+19 1. Let x be a real number such that x^2 + 7x + 12 <= 0. Find the largest possible value of x^2 + 5x + 6.
2. For 0 <= x <= 1, let f(x) = max{ x^2, 2x(1 - x), (1 - x)^2}.Find the minimum value of f(x) for 0 <= x <= 1. Note: For real numbers a, b, c,...,
max {a, b, c, . . . } denotes the maximum (or largest) number among a, b, c, . . .
+1180 Here's the solution for 1.
We can approach this problem by analyzing the given inequality and maximizing the expression for x^2 + 5x + 6 within the constraints.
Factoring the Inequality: The inequality x^2 + 7x + 12 <= 0 can be factored as (x + 3)(x + 4) <= 0. This means either both factors are less than or equal to zero, or one factor is positive and the other is negative (the product becomes zero).
Identifying the Range of x: From the factored inequality, we know:
x ≤ -3 (when x + 3 is less than or equal to zero)
x ≤ -4 (when x + 4 is less than or equal to zero)
However, the second condition (x ≤ -4) is redundant as -3 is already less than or equal to -4. Therefore, the valid range for x is x ≤ -3.
Maximizing x^2 + 5x + 6: We want to maximize the value of x^2 + 5x + 6 within the constraint x ≤ -3. We can rewrite the expression as a completed square:
x^2 + 5x + 6 = (x^2 + 5x + 25/4) + 11/4 = (x + 5/2)^2 + 11/4
Since the square of any real number (x + 5/2) is non-negative (including zero), adding a constant positive value (11/4) will always result in a positive or zero value.

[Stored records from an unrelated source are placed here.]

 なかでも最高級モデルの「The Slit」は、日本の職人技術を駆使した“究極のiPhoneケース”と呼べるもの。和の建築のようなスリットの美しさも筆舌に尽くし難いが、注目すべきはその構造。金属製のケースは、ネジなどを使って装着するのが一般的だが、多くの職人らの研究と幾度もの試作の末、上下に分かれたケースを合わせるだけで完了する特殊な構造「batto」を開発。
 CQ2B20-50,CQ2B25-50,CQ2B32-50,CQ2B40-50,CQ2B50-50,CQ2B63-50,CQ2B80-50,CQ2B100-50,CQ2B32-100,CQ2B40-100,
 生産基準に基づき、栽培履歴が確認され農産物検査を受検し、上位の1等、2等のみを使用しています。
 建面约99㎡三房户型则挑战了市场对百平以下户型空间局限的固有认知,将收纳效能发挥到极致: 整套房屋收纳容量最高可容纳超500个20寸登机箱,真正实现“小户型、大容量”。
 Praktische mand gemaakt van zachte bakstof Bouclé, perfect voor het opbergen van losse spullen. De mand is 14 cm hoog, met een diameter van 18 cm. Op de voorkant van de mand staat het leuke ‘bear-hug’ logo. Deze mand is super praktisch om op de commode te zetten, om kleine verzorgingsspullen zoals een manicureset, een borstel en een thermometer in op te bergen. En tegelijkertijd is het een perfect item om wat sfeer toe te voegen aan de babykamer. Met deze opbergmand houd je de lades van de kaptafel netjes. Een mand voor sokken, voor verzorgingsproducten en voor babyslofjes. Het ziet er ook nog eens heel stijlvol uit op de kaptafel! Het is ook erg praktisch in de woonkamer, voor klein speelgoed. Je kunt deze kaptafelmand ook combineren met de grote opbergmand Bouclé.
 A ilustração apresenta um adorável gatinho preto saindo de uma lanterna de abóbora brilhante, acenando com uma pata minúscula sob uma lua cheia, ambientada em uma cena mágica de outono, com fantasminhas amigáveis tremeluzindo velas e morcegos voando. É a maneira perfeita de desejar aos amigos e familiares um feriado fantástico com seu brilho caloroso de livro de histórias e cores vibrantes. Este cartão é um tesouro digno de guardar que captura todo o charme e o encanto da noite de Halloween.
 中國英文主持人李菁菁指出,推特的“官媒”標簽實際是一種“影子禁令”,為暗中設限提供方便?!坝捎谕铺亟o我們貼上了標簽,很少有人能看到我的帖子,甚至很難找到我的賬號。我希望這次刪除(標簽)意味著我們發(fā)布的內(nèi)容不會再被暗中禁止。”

Largest Possible Value: The largest possible value for x^2 + 5x + 6 occurs when (x + 5/2)^2 is zero. This happens when x = -5/2. However, this value of x (-5/2) violates the constraint x ≤ -3.

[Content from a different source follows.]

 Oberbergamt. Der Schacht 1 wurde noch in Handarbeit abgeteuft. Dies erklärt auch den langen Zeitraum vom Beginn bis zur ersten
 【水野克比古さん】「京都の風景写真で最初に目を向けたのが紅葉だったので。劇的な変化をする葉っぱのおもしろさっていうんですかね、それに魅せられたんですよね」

Therefore, the largest possible value for x^2 + 5x + 6 within the allowed range of x is achieved when x is as close to -3 as possible (without exceeding it). This occurs when x = -3.
Evaluating the Maximum Value: Substituting x = -3 in the expression:
x^2 + 5x + 6 = (-3)^2 + 5(-3) + 6 = 9 - 15 + 6 = 0
Answer: The largest possible value of x^2 + 5x + 6 is 0.